Why invest in REITs?

REITs provide investors with an opportunity to invest in real estate without owning physical property. They offer regular income in the form of dividends and capital appreciation.

How does a company qualify as a REIT?

To qualify as a REIT, a company must meet certain requirements set by the Internal Revenue Service (IRS). These requirements include distributing at least 90% of its taxable income to shareholders as dividends and investing at least 75% of its assets in real estate.

Where do REITs invest?

REITs invest in a variety of real estate assets, including office buildings, shopping centers, apartments, hotels, and warehouses. Some REITs specialize in specific types of real estate, such as healthcare facilities or data centers.

Can REITs lose money?

A rise in short-term interest rates diminishes profits, potentially eradicating them entirely.

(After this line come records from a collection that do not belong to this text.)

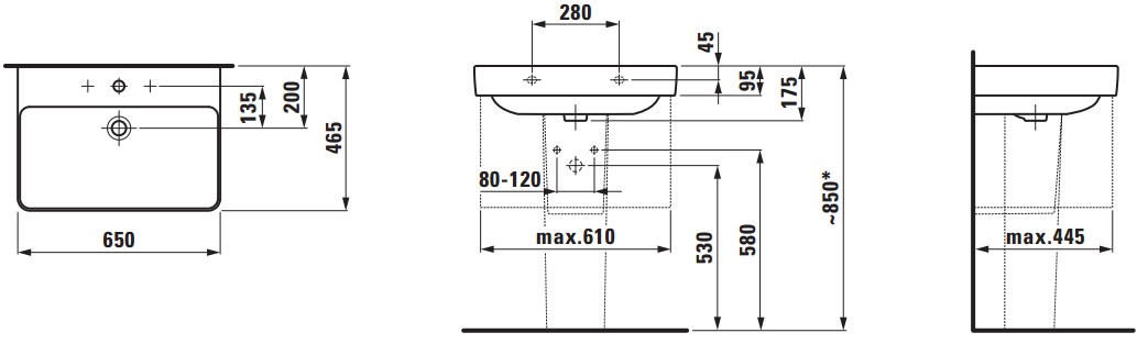 Popis Laufen LAUFEN PRO S umývadlo 65 cm biele 8.1096.4.000.104.1Laufen rozmery: 65 x 46,5 x 17,5 cm, s otvorom pre batériu uprostred
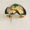 Sortija con aguamarina central de 1’45 cts y dos brillantes laterales de 0,0’8 cts en total, montados en oro blanco de ley 18 kts.
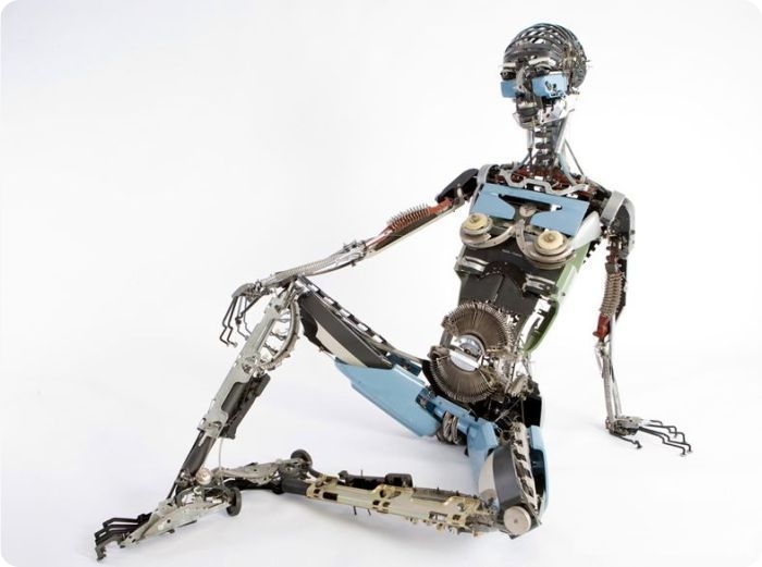 Джереми Майер коллекционирует старые печатные машинки, но суть коллекционирования для него заключается вовсе не в том, чтобы просто выставить их в ряд и показывать друзьям. Вместо этого он разбирает их на запчасти и потом создает из них необычных винтажных существ и фигуры людей-роботов. Такое хобби занимает довольно много времени и требует немало «исходных» материалов: к примеру, на создание этой фигуры человека в натуральную величину потребовалось целых 40 печатных машинок и около 1000 часов работы.

Further increases could lead to losses for the REIT, contributing to their significant volatility and unpredictable dividend payouts.

Is REIT better than stocks?

REITs and stocks offer different investment benefits. REITs provide exposure to real estate, offering diversification, stable income, and potential for capital appreciation.

What is the 90% rule for REITs?

The 90% rule requires REITs to distribute at least 90% of their taxable income to shareholders in the form of dividends, benefiting investors with regular income.

Can I buy 1 unit of REIT in India?

Yes, investors can purchase individual units of REITs in India, allowing them to participate in real estate investments with smaller capital amounts.

Is REIT legal in India?

Yes, REITs were introduced in India in 2014 and are regulated by SEBI (Securities and Exchange Board of India), providing a legal framework for real estate investments.

Are REITs profitable?

REIT profitability depends on various factors such as property performance, rental income, and management efficiency. Well-managed REITs can generate stead

Can a REIT go to zero?

While it's unlikely for a REIT to go to zero, they can experience significant declines in value due to market conditions, mismanagement, or adverse events impacting their underlying properties.